Dataset entries:
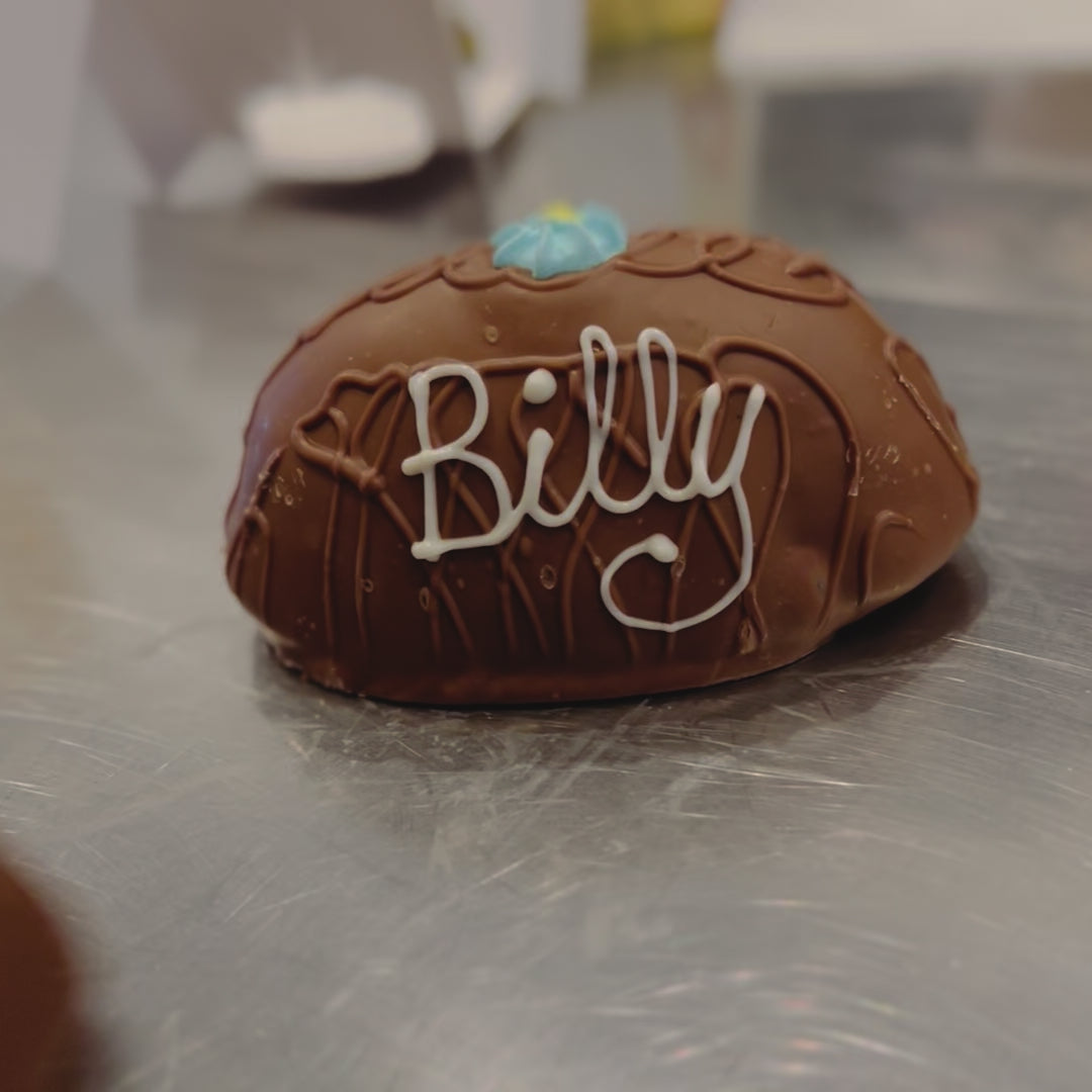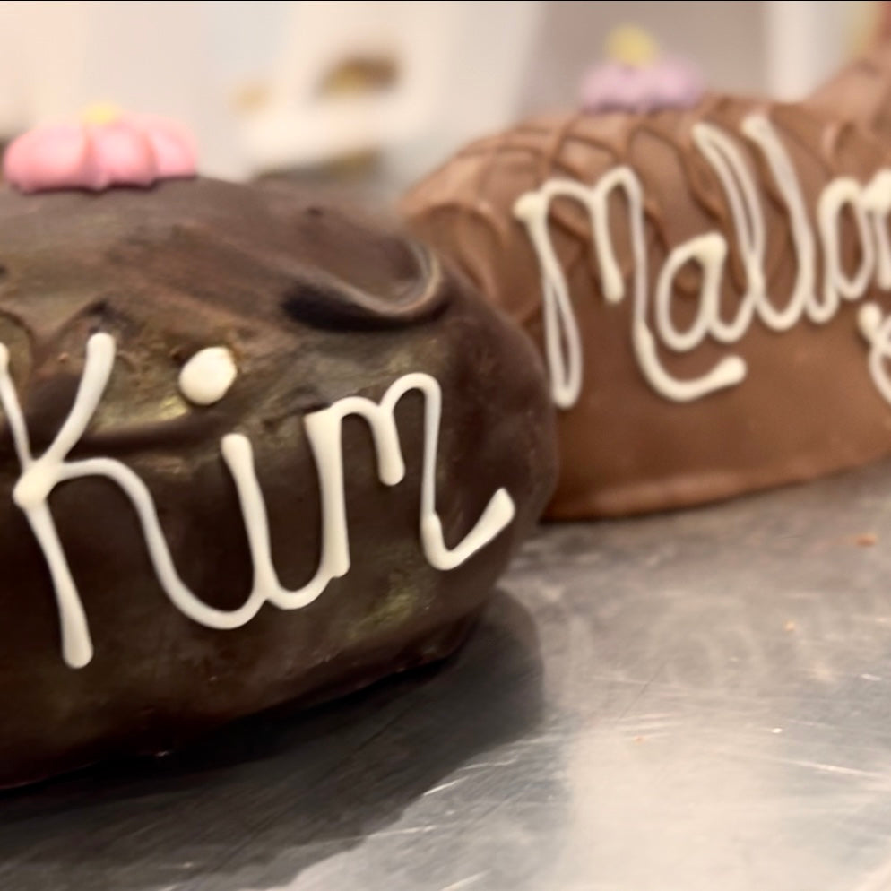 Just tell us the name you'd like added (up to 15 characters), and we'll hand-pipe it in chocolate with care. It's a simple, heartfelt detail that turns a treat into a treasured memory.
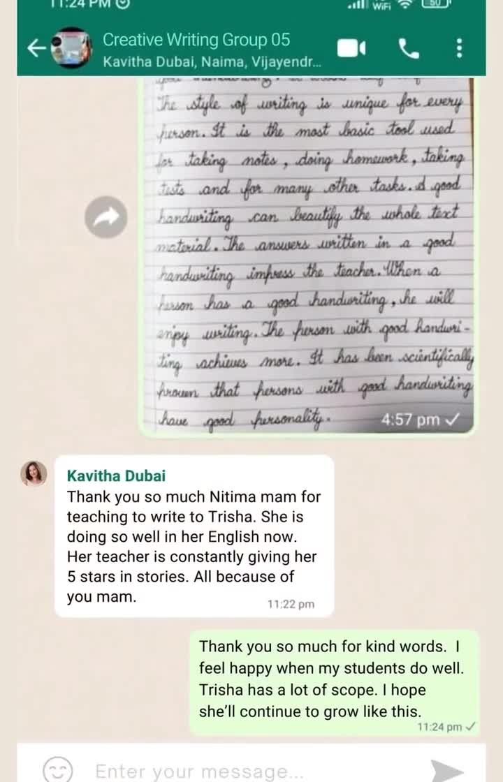 Here’s a peek inside my live, interactive sessions on Zoom. I create a nurturing and fun environment where students from Gurgaon, Delhi, Noida, and beyond feel comfortable sharing ideas, participating in exercises, and growing as writers together.
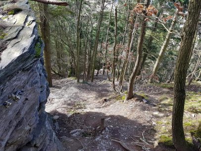 Ich muss zugeben dass ich recht platt war, und ich hab fast 1:40 gebraucht, um die Strecke abzulaufen. Aber, wie gesagt, insgesamt ist die Strecke sehr technisch und es gibt viele Singletrails … und ne Menge umgestürzte Bäume um die man nicht so ganz ohne rum kommt. Und Fotos müssen gemacht werden 😉 … und wenn es einen Aussichtsturm gibt wo man hoch kann, ja dann müssen die Treppen auch noch sein 😉 … soll ja Spaß machen. Ich kann die Tour jedem ans Herz legen … ob wandernd oder laufend, hier werden ein paar Körner abverlangt. Beim Start dachte ich noch dass der 305er Roclite etwas überdimensioniert ist, aber ich war sehr dankbar einen stabilen Schuh getragen zu haben. Die Strecke ist TOP! Ab sofort meine zweit liebste Route hier in der Nähe. Ich bin nun circa 60km mit dem Inov8 gelaufen, wir verstehen uns immer besser …
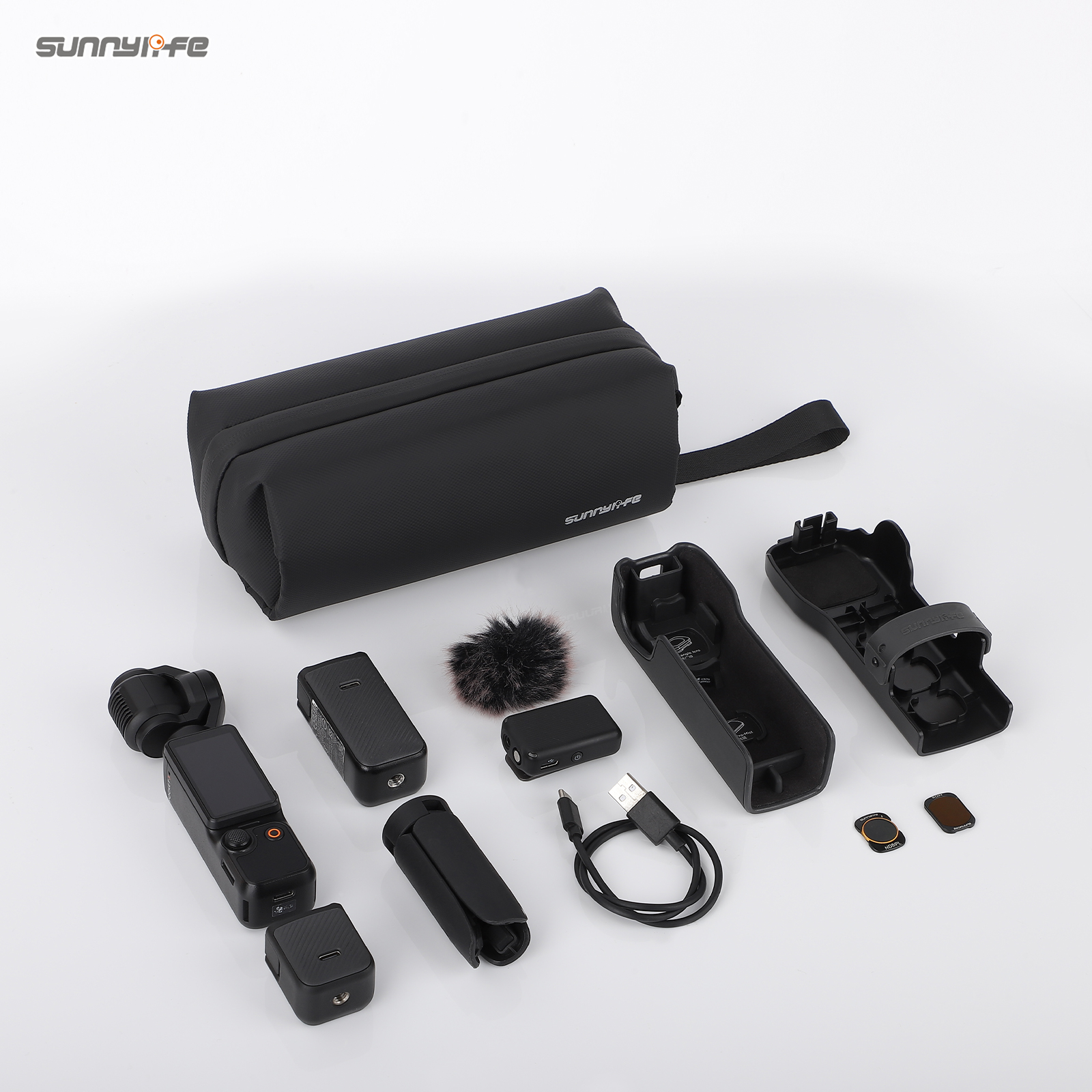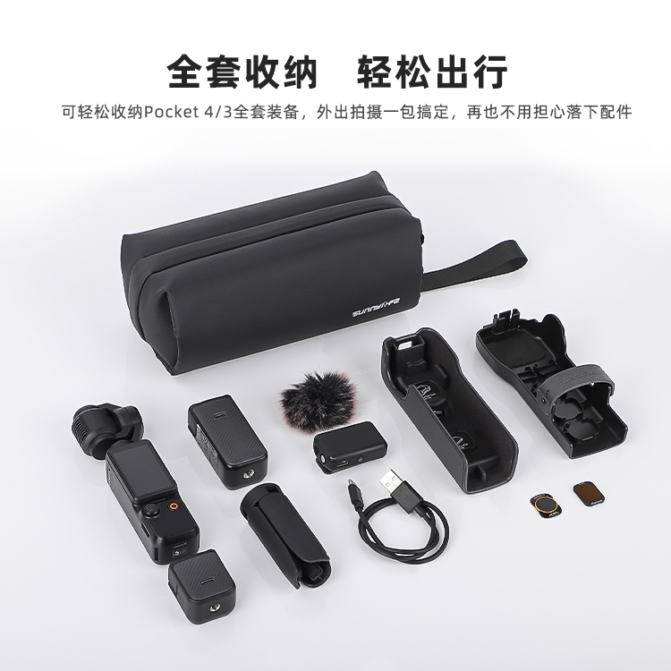 全套收纳,轻松出行。可轻松收纳Pocket 4/3全套装备,外出拍摄一包搞定,再也不用担心落下配件。
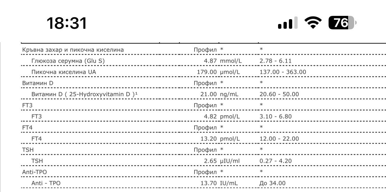 Rusi_be, щитовидните не са добре, в хипофункция си. Но едва ли ще намериш лекар, който ще се съгласи да ти изпише хормон, ако това е целта ти.
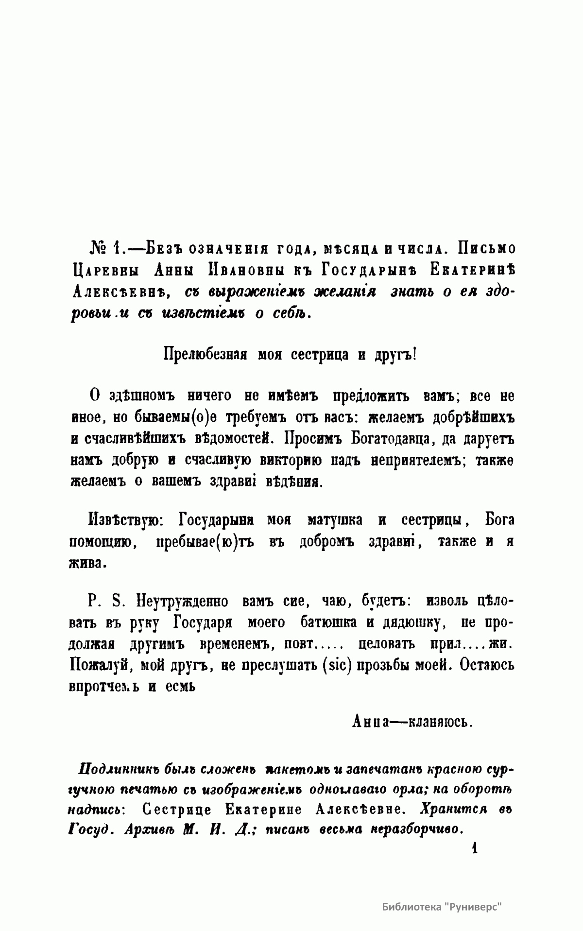 II. Переписка царицы Прасковьи Федоровны и дочерей ее Екатерины и Прасковьи
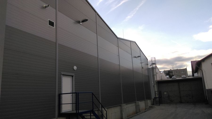 - Zateplená ocelová pultová střecha napojená na nově vystavěnou halu o půdorysném rozměru 8,8m x 37m včetně demontáže stávající nižší střechy a stávající ocelové konstrukce.
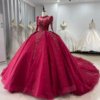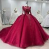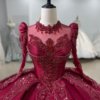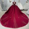 Exquisite Red Ball Gown Beaded Long Sleeves Prom Dress With Long Train For Princess
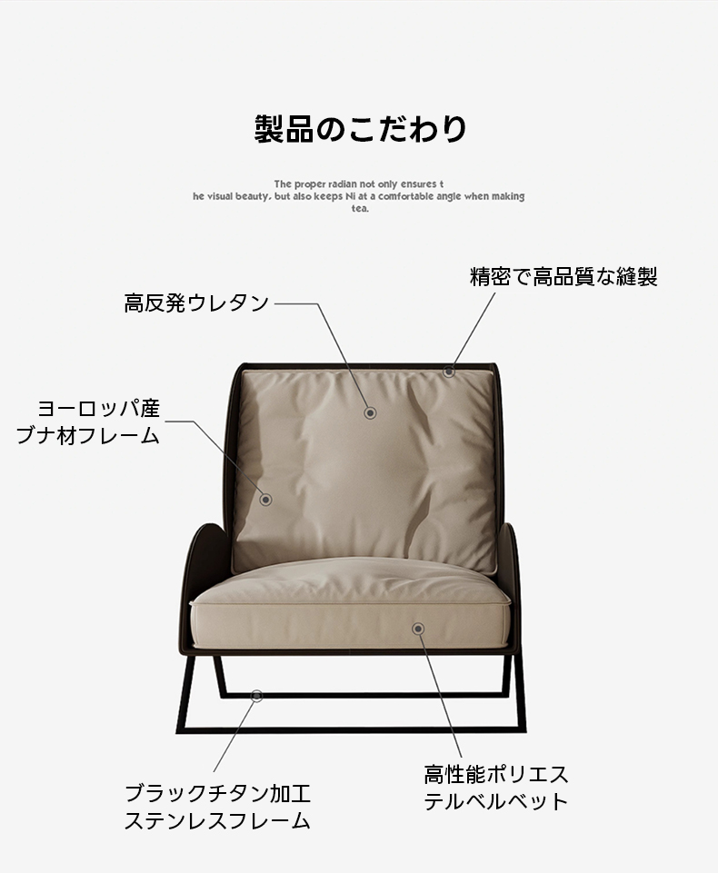 - 【高品質な素材と設計】ヨーロッパ産のブナ材フレームとブラックチタン加工のステンレスフレームを使用し、耐久性とデザイン性を両立。高反発ウレタンフォームのクッションが快適な座り心地を提供します。
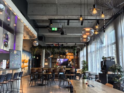Rooms are compact (typical MOXY style) but super smart – comfy bed, powerful shower, fast Wi-Fi, big TV with casting options, and USB ports everywhere. Everything felt clean and new. Breakfast is decent for the price (continental style with good coffee), and they have grab-and-go options if you’re in a rush.
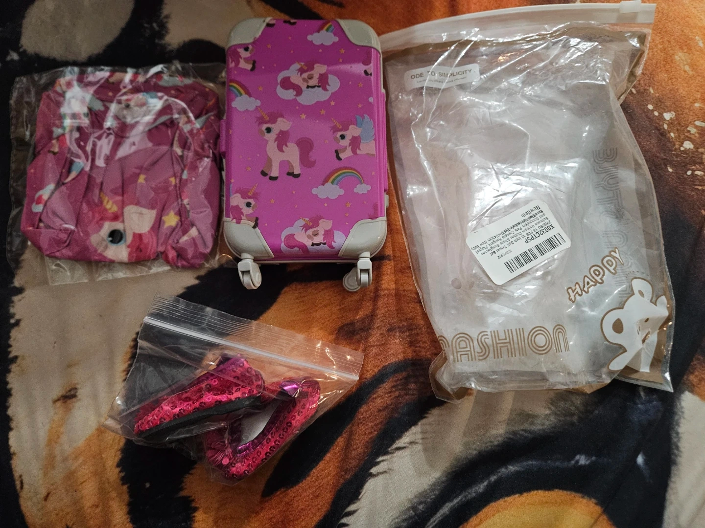 This doll travel set includes a suitcase, clothes, shoes, sunglasses, computers, pets, a camera, hangers, and other accessories! It's designed for an 18-inch doll or a 43cm new baby doll. The set features a cute unicorn theme and is in new condition.
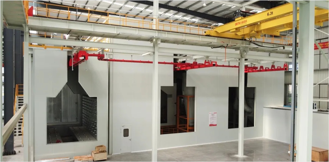 在環(huán)保低碳上,該生產(chǎn)系統(tǒng)采用的粉末涂裝工藝屬于無溶劑、零污染、低能耗、可回收的表面處理工藝方法,生產(chǎn)涂料利用率可達(dá)98%或以上,整體工作環(huán)境潔凈且對人體無害,符合國家“雙碳”戰(zhàn)略和企業(yè)綠色發(fā)展要求。
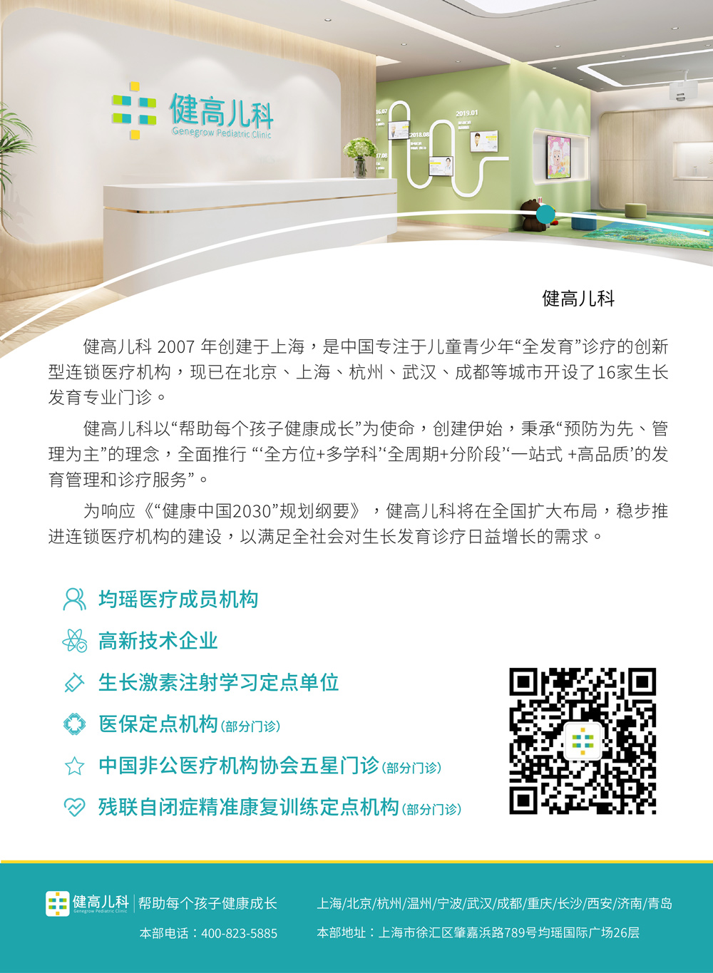 经过十几年的探索与努力,健高儿科已初步形成了符合中国国情的发展模式 ——专注生长发育、医教研协同发展、全国连锁布局。展望未来,健高儿科将不忘初心、坚守使命,致力于为每个孩子提供高品质的“全发育”诊疗服务。
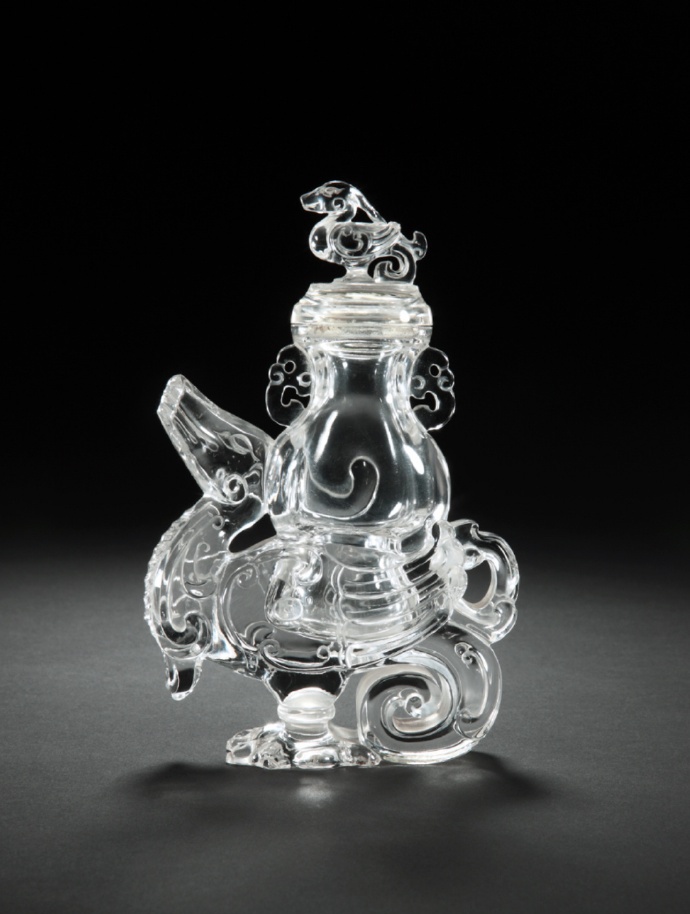 通体以天然水晶雕刻,造型为昂首展翅的神禽“天鸡”,象征吉祥驱邪。晶莹剔透,工艺精湛,体现清代宫廷对珍贵材料与瑞兽文化的结合与崇尚。
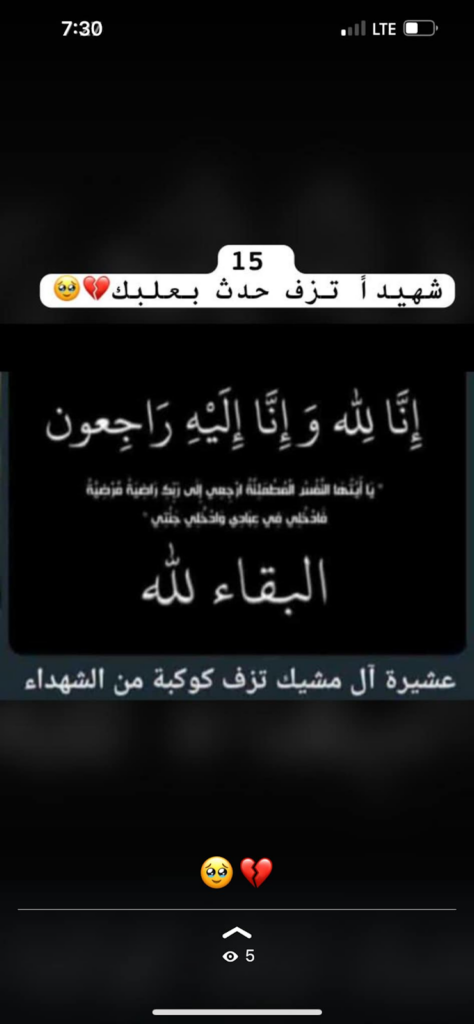 The Facebook account “Dia Na” wrote, “Hadath Baalbek mourn 15 martyrs.” There was no additional information on the victims. The post also specified that the “al-Mishik clan” was mourning the “martyrs”, indicating that those killed were from the al-Mishik clan.

### ABOUT THIS EXERCISE
Give again the stretch of lines above from the one with "全套收纳,轻松出行。可轻松收" through the one with "II. Переписка царицы", both ends kept, and copy no pictures.

### RESPONSE
 全套收纳,轻松出行。可轻松收纳Pocket 4/3全套装备,外出拍摄一包搞定,再也不用担心落下配件。
 Rusi_be, щитовидните не са добре, в хипофункция си. Но едва ли ще намериш лекар, който ще се съгласи да ти изпише хормон, ако това е целта ти.
 II. Переписка царицы Прасковьи Федоровны и дочерей ее Екатерины и Прасковьи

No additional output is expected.